Sunday, May 04, 2014


Bogan Ghost - Zerfall (Relative Pitch)

Bogan Ghost is Liz Allbee on trumpet and Anthea Caddy on cello and 'Zerfall' is one pleasant, totally absorbing surprise. "Surprise" if only because of my limited prior exposure to their music. I happened to have heard them both as part of the Splitter Orchestra (and a subset or two thereof) last year at St. Merri in Paris but still, I wasn't quite prepared for the music encountered here.

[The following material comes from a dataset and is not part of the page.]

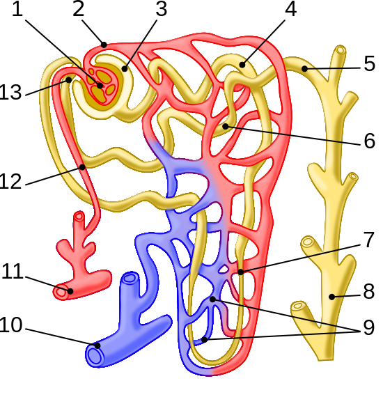 肾单位示意图:1.肾小球, 2. 出球小动脉, 3. 鲍氏囊, 4. 近曲小管, 5. 皮质集合管, 6. 远曲小管, 7. 亨利氏环, 8. 贝里尼管, 9. 肾小管周围毛细血管, 10. 弓形静脉, 11. 弓形动脉, 12. 入球小动脉, 13. 近血管球体 来源丨维基百科

I guess the main unexpected (and very welcome) aspect is the degree of concision in play and the fact that each of the nine tracks, to me, has a real sense of purpose, a clear idea as to what it's about. Long tracks in improvised music are almost automatic, have been for a long time. While of course this is often appropriate, sometimes it feels obligatory and the listener gets the idea that paring things down time-wise would have been highly beneficial. I'm not sure to what extent the music here is free-improvised (I get the feeling there's some structural organization involved though I could easily be wrong), but the track lengths are around 4-6 minutes each, I think (no times given and I haven't sat and watched my display) and in every instance, the duration seems perfect, especially in the few that veer more toward a kind of efi approach, "The Gates", for instance. More often the general tone is dark, brooding and exceedingly rich, conveying a strong, grainy cinematic quality; the first and last tracks include ambient recordings used to great effect. Allbee's trumpet tends to stay in its lower ranges whether she's using breath tones, burbles or, rarely, standard pitches. And Caddy's cello, almost always bowed is right there with her, somber, plumbing great depths (even when in rasping mode), bearing marvelous layers of detail; some of the striking moments occur when the pair are both way, way down there, growling and humming in tandem, subterranean, forbidding and fantastic. When Caddy does pluck notes, as on the deliciously umbral "The Absence", with Allbee vocalizing disturbingly via her trumpet, I picked up the slightest hint of "Bitches Brew"--nice. There's not a track here that doesn't pack some punch.

Both the musical choices and the decision to render them in discrete batches add up to an excellent, relatively listener-friendly offering. Don't let this one slip under the radar.

I don't see it listed at the Relative Pitch site just yet but I imagine it will be soon.